Егерь императрицы. Виват Россия!
– Вот то‑то и оно! – воскликнул Кулгунин. – Нельзя у нас в России сплеча рубить! А уж тем более срубать тот столб, на котором вся власть держится! Тут недавно слух из столицы долетел, что при коронации государь Манифест о трёхдневной барщине издал, и теперь ты крепостного даже не моги больше указанного времени к труду приставлять, а ещё и в воскресенье обязательный выходной ему должен предоставить. Хлебная повинность отменяется, продажа крепостных сильно ограничивается, а за жестокое обращение с ними можно и вовсе под суд загреметь. И самое главное… – И Кулгунин, понизив голос, прошептал: – Крестьян допустили к личной присяге императору. Представляете! – Он обвёл взглядом сидевших за столом. – Этим ведь нас, дворян, на которых вся власть в стране держится, с подлым сословием враз уравняли!

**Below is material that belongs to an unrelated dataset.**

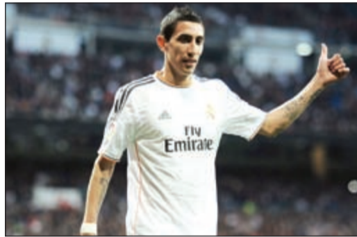
نجم نادي ريال مدريد أنخيل دي ماريا

أصبح اللاعب الأرجنتيني ونجم ريال مدريد أنخيل دي ماريا هاجسا في غرفة ملابس النادي الملكي بعد تواتر أنباء تتحدث عن إمكانية رحيله. ونشرت صحيفة «ماركا» الإسبانية الشهيرة أن اللاعب الأرجنتيني قد أصبح هدفا لكل من باريس سان جرمان وموناكو ومان يونايتد ويوفنتوس وأرسنال ومان سيتي في موسم الانتقالات القادم ليزيد سعره على 50 مليون يورو.

– Тихо‑тихо, Олег Николаевич, ну что ты, право слово, так раздухарился. – Алексей поднял руку, успокаивая его. – Барщина у нас с самого начала в поместьях отменена, давно ведь по совету сведущих людей мы на оброк перешли. Землю в аренду рачительным хозяевам даём. Крестьян не продаём, о разлучении семей уж и тем более речи нет. Вспомни вообще, когда у нас тут крестьян секли? Сами же говорите: штраф, порицание, перевод на время на более тяжёлый труд – вот и все наказания. Так‑то это у нас что же получается, всё и так давно по этому манифесту выполняется? И чего же тогда волноваться?
– Ну не скажите, Алексей Петрович, личная воля помещика и государев манифест – дело разное, – не согласился тот. – Эдак мы скоро вообще можем до отмены самой крепости докатиться. И как же жить тогда? Как же сама сословность, на которой всё у нас зиждется? Весь государственный уклад ведь тогда сломается? Крестьянам жаловаться на своих помещиков даже разрешили, прошения наверх подавать! Плевать они на нас скоро начнут, эдак мы до пугачёвского бунта докатимся! Снова усадьбы по всей стране запылают!
– Тихо‑тихо вам, спорщики! – воскликнула Анна. – Коля, ну успокойся ты уже! Аж покраснел!
– Мужчины, ну что вы, право слово! – вторила ей Катарина. – Неужто нельзя о чём‑нибудь добром и нейтральном поговорить? Вечно вас то к политике, то к войне тянет. Уж лучше бы о своих заводах, о плотинах и мастерских беседовали.
– Да наговоримся ещё, – усмехнувшись, заметил Алексей. – По моим подсчётам, полк только‑только вот готовится на тракт из Воронежа выходить. Месяца полтора у нас есть с Сергеем погостить, а уж потом вдогонку за егерями припустимся. Подлейте‑ка ещё чайку лучше да расскажите, чем нас детки порадовали?
Глава 4. Хозяйские хлопоты
– Половодье пройдёт, большая вода схлынет, и будем затвор закрывать. – Чуканов показал на плотину. – Так‑то всё уже готово, Алексей Петрович, посмотрим на половине напора, как колесо будет работать, а потом ещё уровень поднимем, и тогда уж оно в полную мощь заработает.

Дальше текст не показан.